Boxplots for grain yield (GY) and P grain content (Pcont) by starter fertilizers: control (Co, grey), triple superphosphate (TSP, purple), calcium ammonium nitrate (CAN, blue), diammonium phosphate (DAP, red). Interaction terms are visualized by connecting trait values of the same varieties with a grey line. Note that for the sake of clarity lines are only drawn between every other treatment. Different letters indicate significant (p-value < 0.05) differences between starter fertilizers means.

This observation, made for the core location Hohenheim, was confirmed in the series across locations, for which the genotype-by-starter fertilizer interaction in the analysis of variance was never significant for any observed trait (S6 Table). The heritabilities in the series were very high except for grain yield and the trait P content derived from it. This is likely due to the highly quantitative nature of grain yield, the rather small genotypic variation in this elite material and the observed strong genotype-by-location interaction. Again, the differentiation was more pronounced in the comparison between DAP and the control than between TSP and the control.

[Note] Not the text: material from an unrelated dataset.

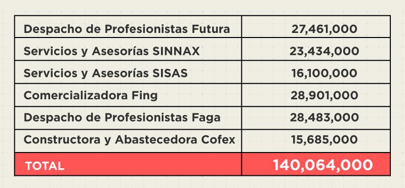 Esas seis empresas, a las que el gobierno de Pavlovich les transfirió fondos públicos, formaron parte de un presunto esquema de financiamiento ilegal de campañas electorales del PRI, conocido como Operación Safiro. En noviembre de 2018, una investigación de MCCI reveló que autoridades de siete estados habían participado en la Operación Safiro con el desvío de 650 millones de pesos a esta red de empresas fantasma. Puede revisar la nota completa al dar clic aquí. Esta información fue publicada por Mexicanos Contra la Corrupción y la Impunidad. |

Interestingly, the origin of the variety in the sense of the eight different breeding companies, did not lead to a consistently similar behavior with regard to the investigated traits under different starter fertilizers (S5 Fig). From a practical farming point of view, the most interesting question is how the different varieties perform with regard to grain yield under control and starter fertilizer conditions. Therefore, relative grain yields under TSP or DAP starter fertilizer were plotted against the relative grain yield of the control for each location (Fig 4). Varieties in quadrant I (highlighted upper right) of the plot can be defined as stably above- average-yielding P-utilizers, whereas varieties in quadrant III (bottom left) are relatively low-yielding independent of their P-supply. Varieties located in the quadrants II and IV can be considered P-sensitive genotypes, as they will show above-average yields with starter fertilizer but not in the control or vice versa, respectively. In line with the small genotype-by-treatment interaction, most varieties showed either below-average or above-average yield performance no matter which starter fertilizer they were grown under. By comparing the relative performance of all varieties in each treatment-location-combination, we identified the consistently best varieties. For the TSP-series, three varieties were in quadrant I at each location (AGROPOLIS_AM, AMAVERITAS_AM, WALTERINIO_KWS) and for the DAP-series also three varieties (AGROPOLIS_AM, FIGARO_KWS, SY_TALISMAN). Only the variety AGROPOLIS_AM was in this high-yielding quadrant at each location-treatment combination.

Fig 4

Scatterplots of each starter fertilizer-location combination.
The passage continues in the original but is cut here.